- Born: United Kingdom
- Occupations: Hair stylist and media personality

= Nicky Clarke =

English hair stylist (b.1958)

Nicky Clarke is an English hair stylist and media personality who has appeared on several television shows. He closed his salon in 2022.

==Early life and education==
Clarke grew up in a working-class family and lived in a council flat in London. His mother was a Greek immigrant who met his father when he was stationed in Greece during the war.

In the 1980s, Clarke suffered from a heroin addiction which nearly cost him his life. His then girlfriend, Lesley, gave him an ultimatum of kicking him out or calling the police if he didn't get off the drugs, prompting him to seek help.

==Career==
Clarke's interest in hairdressing began when he was a teenager. He started off giving his friends and classmates trims before styling professionally aged just 16. When Clarke was 17, he had his first Vogue shoot in 1976 and soon after founded his first salon with John Frieda on Marylebone Road. In the 1990s, he founded his business in Mayfair, London with his then girlfriend Lesley, turning a £20,000 loan into a successful enterprise.

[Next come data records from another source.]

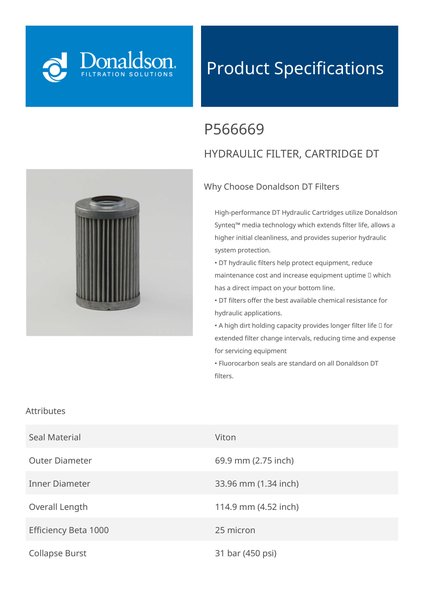 The efficiency of the element is shown using the Micron (µ) and Beta (β) ratings. The micron rating indicates the size of the particle being filtered and the beta rating the efficiency, calculated as 1/β.
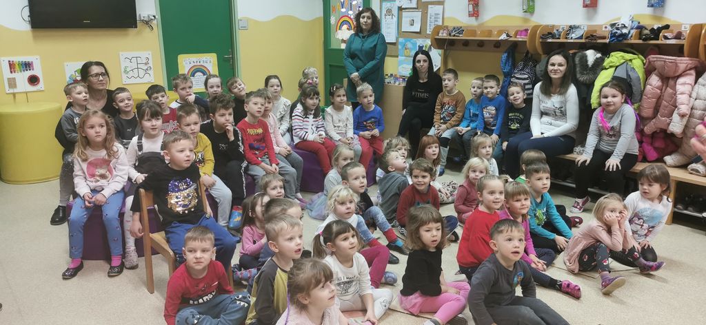 Starejšim trem skupinam otrok je pripovedovala pravljici Sneženi mož ter Prelepa, za konec pa jim je recitirala pesem o pustu. Otroci so se seznanili s knjigami iz različnih materialov in z različnimi vidnimi in slušnimi efekti.
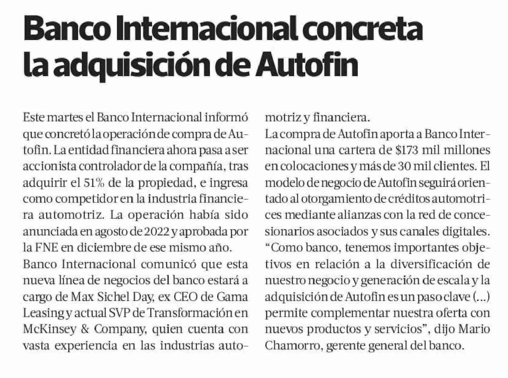 Banco Intemacional concreta la adquisición de Autofin 02-08-2023 La Tercera |

He announced the closure of the salon in April 2022.

After retiring from gymnastics owing to injury, in 2003 former England champion gymnast Craig Pellowe started a new career as a hair stylist in Clarke's salon.

==Media appearances==
Clarke has appeared on several TV shows. In 2002, Clarke was a guest panelist on Will Self's team for an episode of Shooting Stars; his team went on to win that episode. Clarke was also a member of "Team Dec" in Ant & Dec's Saturday Night Takeaway. He appeared on Celebrity Come Dine with Me on Channel 4 on 14 November 2008 and as a judge on the final of Celebrity Scissorhands. In 2011, he took part in ITV series 71 Degrees North but was the first to be eliminated. In January 2014, he took part in the Channel 4 series The Jump. In 2016, he was a contestant on Pointless Celebrities, the celebrity edition of the British quiz show Pointless, with fellow celebrity hairstylist Lee Stafford.

==Recognition and honours==
Clarke was appointed an Officer of the Order of the British Empire (OBE) in the 2007 Birthday Honours for services to the hairdressing industry.

==Personal life==
Nicky married Lesley and they had two children. They separated in 1997 but continued to work together as business partners. In 2021, Clarke married his long-term partner Kelly Simpkin, whom he met in 2010 when she was a stylist working for him. The couple have two children together.